En muy poco tiempo, el mundo se ha vuelto incomprensible. Desde que, en septiembre de 2020, una serie cronológica de datos me abrió los ojos a una realidad inconcebible, me estoy devanando los sesos tratando de comprender. No sólo por averiguar el propósito final de este onírico golpe de estado supranacional sino, sobre todo, cómo es posible que el mundo haya emprendido una deriva tan distópica casi insensiblemente. Noticias que hoy nos suenan ya normales eran, hace sólo unos pocos años, delirios de ciencia ficción o síntomas de trastorno mental preocupante. Y algunos pasajes de Orwell empiezan a parecer fantasías ingenuas de un aficionado.
Países donde las libertades básicas se daban por supuestas se han transformado, en apenas meses, en campos de concentración regidos por bandas de políticos indistinguibles entre sí, que recuerdan a lejanos personajes que creíamos haber dejado atrás --con alivio-- en las páginas de la historia.
¿Cómo ha sido posible todo esto? Hace algunos años vi en un vídeo a un hipnotista que ponía en trance a las personas jugando con la sorpresa. No, no les mostraba un péndulo mientras con voz sosegada los invitaba a relajarse. Simplemente, cuando la otra persona le tendía la mano en ademán de saludo, en el momento del contacto él le decía en voz baja: "¡Duérmete!" Era infalible. Tan infalible que, en el instante en que daba la orden, tenía que extender los brazos para sujetar a aquella persona, que incomprensiblemente obedecía... y se quedaba dormida.
Recuerdo también otra ocasión en que llamaron a mi puerta. Apenas la abrí, un joven con una carpeta me espetó una parrafada incomprensible que evidentemente tenía memorizada. La parrafada terminaba con "Enséñeme su contrato del gas". Anonadado, le pedí que repitiera lo que había dicho y lo repitió palabra por palabra. Cuando comprobé que aquel galimatías era incomprensible le di con la puerta en las narices.
Algún tiempo después, sin embargo, descubrí que había una técnica de hipnosis que consistía exactamente en eso: sumir al interlocutor en un estado de confusión mental y, seguidamente, darle una orden. Conmigo no funcionó, pero confieso que mi primer impulso al oír a aquel mequetrefe fue ir a buscar el contrato del gas.

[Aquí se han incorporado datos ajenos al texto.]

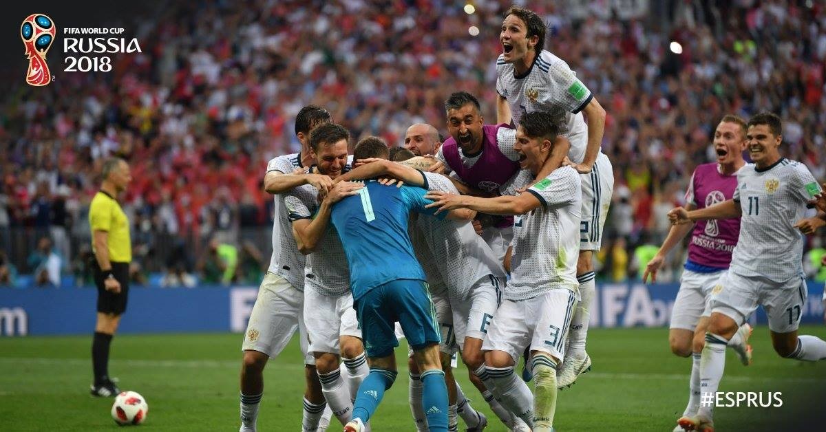 მსოფლიო ჩემპიონატის 1/8-ფინალურ შეხვედრაში მასპინძელმა რუსეთმა ესპანეთი დაამარცხა. მატჩის ძირითადი დრო 1:1 დასრულდა, ხოლო პენალტების სერიაში რუსებმა 4:3 იმარჯვეს.

Esos son los dos ingredientes: sorpresa y confusión. La sorpresa mayúscula creada por una 'pandemia' falsamente apocalíptica y la confusión que desataron los fantasmas de contagio, la persecución del hombre blanco, los discursos de género, la histeria climática y las invasiones civiles a través de las fronteras. Podemos sumarle también (aunque no estoy seguro de que formen parte del mismo plan) los agrios antagonismos creados en poco tiempo por dos guerras sucesivas que han dividido radicalmente a las sociedades mundiales. Incluso a muchas familias.
Visto así, a distancia y en conjunto, todo esto suena a un plan muy estudiado. Escalofriantemente estudiado. Pero lo que realmente ha permitido el salto cuántico que estamos viviendo fueron las medidas radicales que en su momento se ampararon en la 'pandemia'. En pocas semanas, sociedades aceptablemente democráticas, atónitas y desconcertadas, aceptaron implícitamente que los ciudadanos debían estar a las órdenes de los gobiernos, y no a la inversa. Una vez aceptado ese mensaje sin pasar por el filtro del raciocinio, la inversión de papeles se ha instalado en la sociedad. Y continúa imparable, por simple inercia colectiva.

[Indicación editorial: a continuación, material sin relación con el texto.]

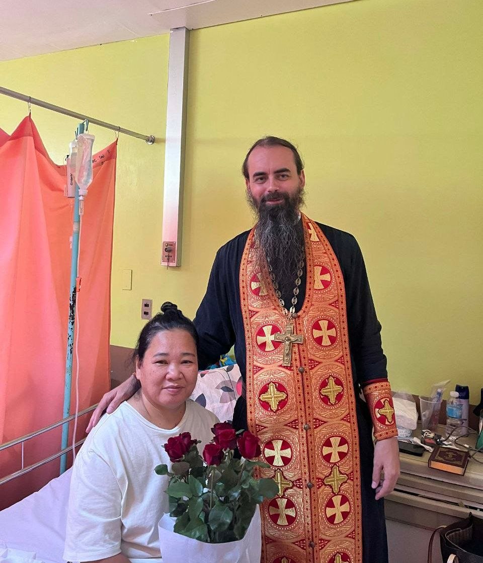 Following the service, the diocesan secretary, Hieromonk Korniliy (Molev), visited the hospital, where he administered Holy Communion to Ruth, a sick parishioner who is preparing for surgery. We ask for your prayers for her health and the success of her operation.

Sé que parece inverosímil. Yo mismo resistí durante meses antes de convencerme de que hay un plan (quizá más de uno) detrás de todo este delirio. Y sólo lo he aceptado cuando he llegado a la conclusión de que no hay ninguna otra explicación posible. (Salvo, quizá, la hipótesis de los extraterrestres, que la navaja de Occam me insta a descartar).
En cualquier caso, la bola de nieve está ya rodando, y nadie sabe cuánto crecerá todavía ni hasta dónde llegará. Ni cómo detenerla. Como sucede con las estampidas, estamos ante un fenómeno de masas irracional que, además, tiene un componente hipnótico. Pensar que es posible detener esa estampida y, al mismo tiempo, despertar del trance parece un derroche de ingenuidad. El tren de la historia está descarrilando y nadie puede adivinar cuándo volverá a tener asientos disponibles.
Tal vez ni siquiera lo saben los que están manejando el cambio de agujas.